L'article 150 U-II-1° du CGI prévoit que ne sont pas soumis à l'impôt sur le revenu les immeubles ou parties d'immeubles qui constituent la résidence principale du cédant au jour de la cession. Cette disposition s'applique également aux associés de SCI translucides fiscalement, conformément aux dispositions de l'article 8 du même code.

 

La doctrine BOFIP précise à ce sujet :

L'associé d'une société immobilière non transparente qui relève de l'article 8 du CGI, de l'article 8 bis du CGI ou de l'article 8 ter du CGI, qui occupe, à titre de résidence principale, un immeuble ou une partie d'immeuble appartenant à cette société et que celle-ci met, en droit ou en fait, gratuitement à sa disposition, bénéficie, en cas de cession à titre onéreux de cet immeuble ou de cette partie d'immeuble, de l'exonération prévue en matière d'habitation principale, de la même manière que s'il en avait été lui-même propriétaire (Débats Sénat du 24 novembre 2003, JO Sénat n° 108 S CR du 25 novembre 2003).

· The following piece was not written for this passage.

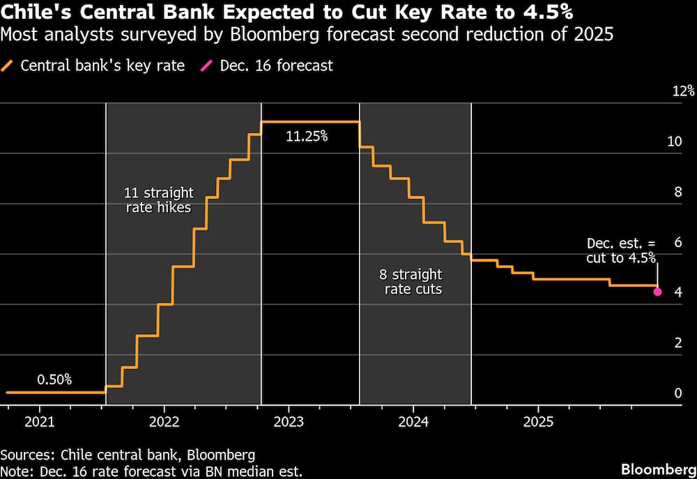 Bloomberg — El banco central de Chile redujo su tasa de interés clave en un cuarto de punto por segunda vez este año, aunque adelantó su pronóstico de cuándo la inflación alcanzará la meta.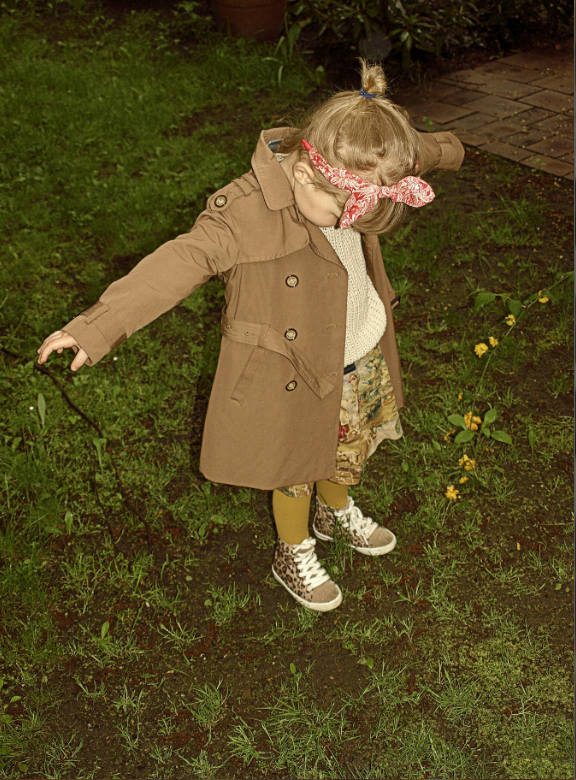 Matylda ma kurtkę i sukienkę -h&m, sweter- f&f różdżkę z czereśniowej manufaktury

Dans cette hypothèse, l'exonération ne porte que sur :

- la fraction de l'immeuble occupé par l'associé à titre de résidence principale ;

- la quote-part revenant à cet associé.

 

BOI-RFPI-PVI-10-40-10, n°140

Il ressort de cette même doctrine que lorsque l'immeuble ou la partie d'immeuble cédé est pour partie affecté à usage d'habitation et pour partie à usage professionnel, seule la fraction de la plus-value afférente à la cession de la partie privative qui constitue la résidence principale du cédant peut bénéficier de l'exonération.

 

La jurisprudence administrative a progressivement précisé les contours de cette exonération, notamment lorsque l'immeuble a fait l'objet d'une affectation mixte, combinant usage d'habitation et usage professionnel ou commercial. La question de la temporalité de cette affectation mixte et de ses conséquences sur l'exonération demeure toutefois délicate à trancher.

 

Rappel des faits :

M. A, associé de la SCI DMS, occupait à titre de résidence principale un bien immobilier situé à Vallauris que la société avait acquis le 16 novembre 2015. À compter du 1er janvier 2016, une partie de ce bien avait été louée à la Société de CS pour un usage commercial. Cette location a pris fin le 31 décembre 2018 suite à la résiliation du bail par le locataire.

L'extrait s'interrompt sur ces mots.